DRIP

Official code for "DRIP: Defending Prompt Injection via Token-wise Representation Editing and Residual Fusion."

DRIP introduces two architectural modifications:

A token-wise de-instruction shift that moves the representation of data tokens away from directive semantics.
A residual re-instruction fusion path that persistently anchors generation on the top-level instruction.

Chat format. All evaluations in this README (SEP, Alpaca injection, InjecAgent, and the utility benchmarks) use a 3-role format — system, user (untrusted), and assistant — where the injected content lives in the user turn. The agentic AgentDojo evaluation instead uses a 4-role format (system, user, tool (untrusted), assistant) because injections there hide in tool outputs. See its README for details.

Why Representation Editing Works

The core intuition behind DRIP is geometric. A prompt injection succeeds when the model cannot tell an adversarial instruction (hidden in the data section) apart from a legitimate one. We can see exactly where this confusion lives by inspecting the token-level hidden states at the input to the first transformer block, immediately after the embedding layer, before any attention is applied.

We randomly sample 200 examples from the SEP benchmark and project their token hidden states with t-SNE. Each point is one token, colored by its semantic role:

🔴 Probe tokens — instruction-like adversarial text injected into the data section.
🔵 Instruction tokens — tokens in the legitimate system/instruction section.
🟢 Normal data tokens — benign content in the data section.

A well-defended model should push probe tokens (red) away from the instruction cluster (blue) and into the data cluster (green), so the first attention block never mistakes injected commands for genuine instructions.

Undefended (Llama-3.1-8B-Instruct)	Ours (DRIP)

All three token types overlap in a single undifferentiated cloud. From the model's perspective, an adversarial instruction in the data section is geometrically indistinguishable from a legitimate system instruction, which is precisely why the attack lands.	The clearest separation: instruction tokens (blue) form a compact, isolated cluster, normal data tokens (green) occupy a distinct region, and crucially the probe tokens (red) co-locate with the data cluster, away from the instruction cluster. By the first attention block, the model already treats injected commands as ordinary data.

This is the token-wise de-instruction shift acting directly on the representation, while the residual re-instruction fusion separately re-anchors generation on the legitimate top-level instruction.

Pipeline at a glance

1. Setup        download base checkpoints, build the conda env, fetch the data
2. Training     fine-tune Llama-3-8B or Mistral-7B with DRIP
3. Evaluation   measure robustness (SEP, ASR) and utility (AlpacaEval, IFEval, MT-Bench, MMLU)

Prerequisites

A CUDA-capable GPU (see the reference environment below) and conda.
A Hugging Face account with access to the Llama and Mistral checkpoints (run huggingface-cli login).
An OpenAI API key — required for the SEP score and several utility benchmarks.

Setup

1. Download base model checkpoints

huggingface-cli download mistralai/Mistral-7B-Instruct-v0.3 \
    --local-dir mistralai/Mistral-7B-Instruct-v0.3 \
    --resume-download --local-dir-use-symlinks False

huggingface-cli download meta-llama/Meta-Llama-3-8B-Instruct \
    --local-dir meta-llama/Meta-Llama-3-8B-Instruct \
    --resume-download --local-dir-use-symlinks False

2. Create the environment

Run the setup script. It creates a conda environment (default name prompt) and installs all pinned dependencies.

bash setup_env.sh
conda activate prompt   # if you named your environment "prompt"

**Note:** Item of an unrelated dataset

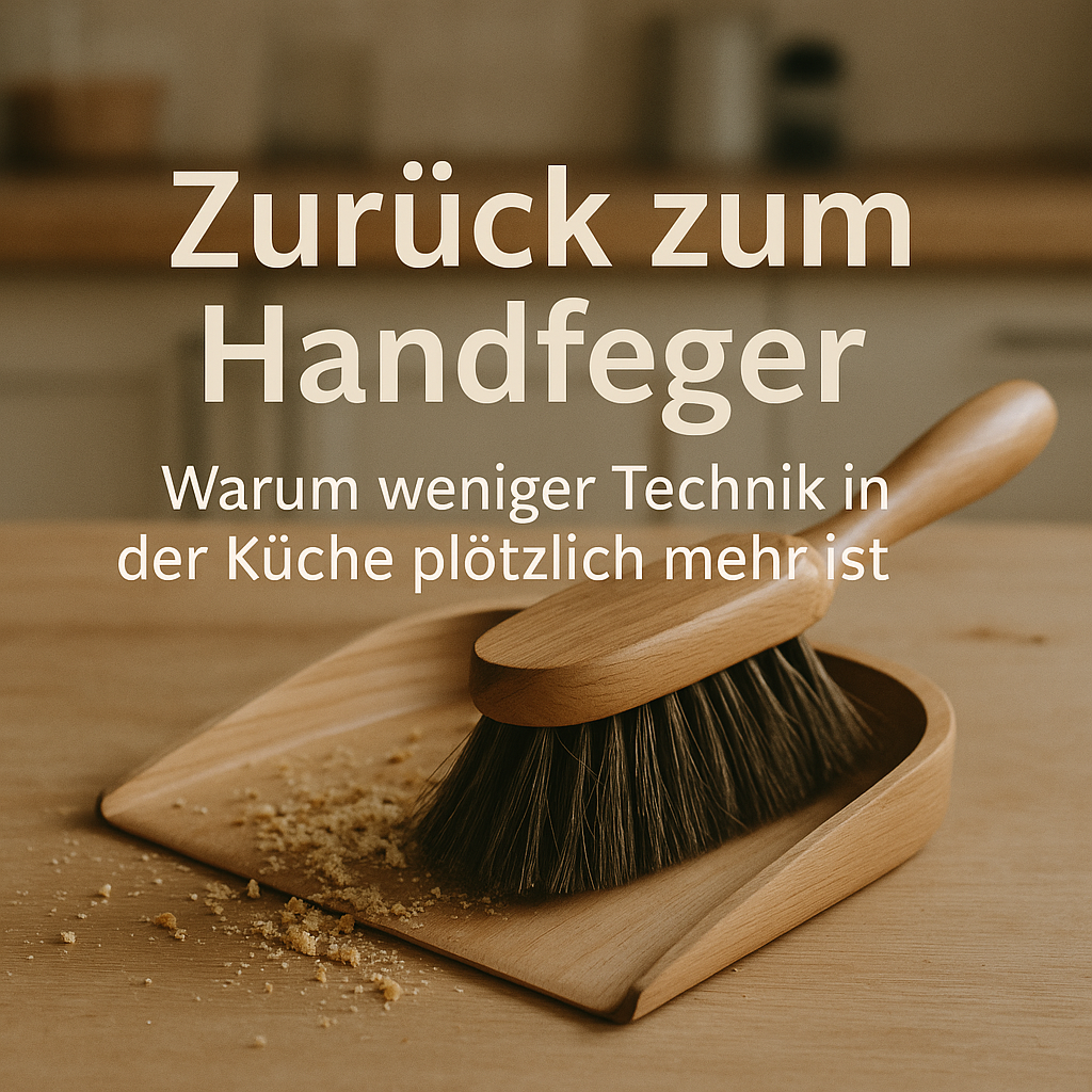 Markus hat übrigens inzwischen auch seine Meinung geändert. Anfangs war er skeptisch und meinte, der Handfeger sei ein Rückschritt. Mittlerweile ist er es, der ihn am häufigsten benutzt, vor allem nach dem Kochen, wenn auf der Arbeitsplatte und dem Boden Reste liegen. Neulich sagte er: „Eigentlich ist das wie mit dem Messer – manchmal ist ein gutes, einfaches Werkzeug besser als eine elektrische Küchenmaschine." Damit hat er nicht ganz unrecht. Viele moderne Geräte sind für spezielle Aufgaben konzipiert, aber im Alltag braucht man oft etwas, das universell einsetzbar und unkompliziert ist.

If you encounter problems installing torch, install it following the official guide for your CUDA version.

Reference environment

Our setup uses torch==2.8.0 on the following hardware.

Component	Version
GPU	8× NVIDIA RTX 5880 Ada (49 GB each)
NVIDIA driver	580.105.08
Driver-supported CUDA	13.0 (per `nvidia-smi`)
PyTorch	2.8.0 (bundled CUDA runtime)
PyTorch CUDA runtime (`torch.version.cuda`)	12.8

3. Download the data

The curated DRIP training and evaluation data is archived on Zenodo (DOI: 10.5281/zenodo.20603331).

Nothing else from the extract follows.